Yesterday I was lucky enough to convince my sweet friend Krissy to share a story of equality that hit her personally.  If you haven’t already read it you should definitely go do that right this second.  

Riggins doesn't have a No H8 t-shirt so he is wearing a beautiful yellow ascot in support.

Riggins doesn’t have a No H8 t-shirt so he is wearing a beautiful yellow ascot in support.
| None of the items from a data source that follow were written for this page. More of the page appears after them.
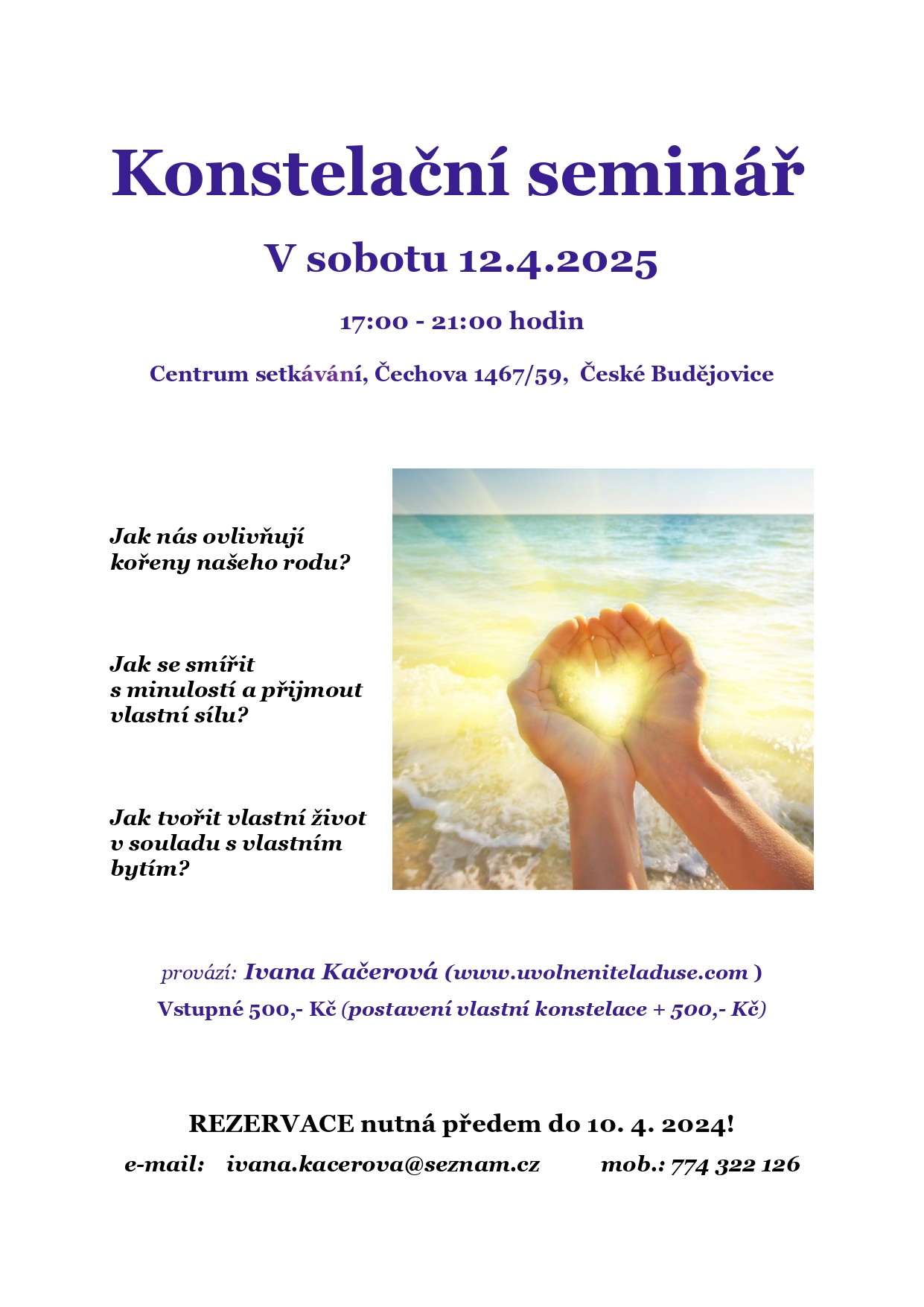 REZERVACE nutná předem do 10. dubna na e-mail: ivana.kacerova@seznam.cz nebo tel.: 774 322 126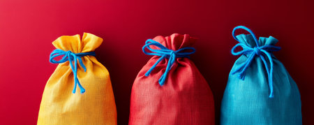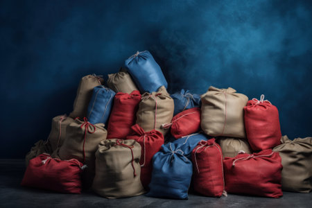 Dive into a world of mystery with these assorted colorful bags against a moody blue backdrop. Perfect for creative projects or thematic designs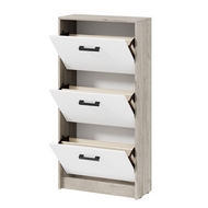 Особенности: Тумба для обуви Вега помогает поддерживать порядок в прихожей и хранить обувь в аккуратном состоянии. Обувница закрытая, имеет 3 отделения для обуви за откидными дверьми, с разделителем в каждом. Высокая, узкая обувница не занимает много места, позволяет разместить до 12 пар обуви. Максимальный размер обуви - 45 (RU). Ручки пластиковые.

Today the Supreme Court was/is reviewing DOMA the federal law that defines “marriage” as something between one man and one woman.  I want to share my feelings on the subject but the entire thing makes me so furious.  I just don’t understand.  My logical brain cannot process someones need to give a shit about who another person marries.  A person they will, most likely, never meet in their entire life.  In fact, that is my counterargument to almost every single thing thrown at me about it.  WHY DO YOU CARE????  Let’s break it down one at a time.

1. Joseph (Seems like a nice solid name.  Let’s just pretend that Mr. “I think gays shouldn’t marry'”s name is Joseph):  Gay Marriage is against the Bible.

Wendy:  WHY DO YOU CARE?  If that is how you interpret your bible then you live that way.  What does it matter that someone else lives differently?  If we are going to use your logic anyone who doesn’t believe in your bible shouldn’t be married.  Why are you picking on the gays?  I have a number of gay friends who are religious and go to church regularly.  I’m an atheist.  So by your logic doesn’t it make more sense that I can’t marry vs. my God-fearing gay friend?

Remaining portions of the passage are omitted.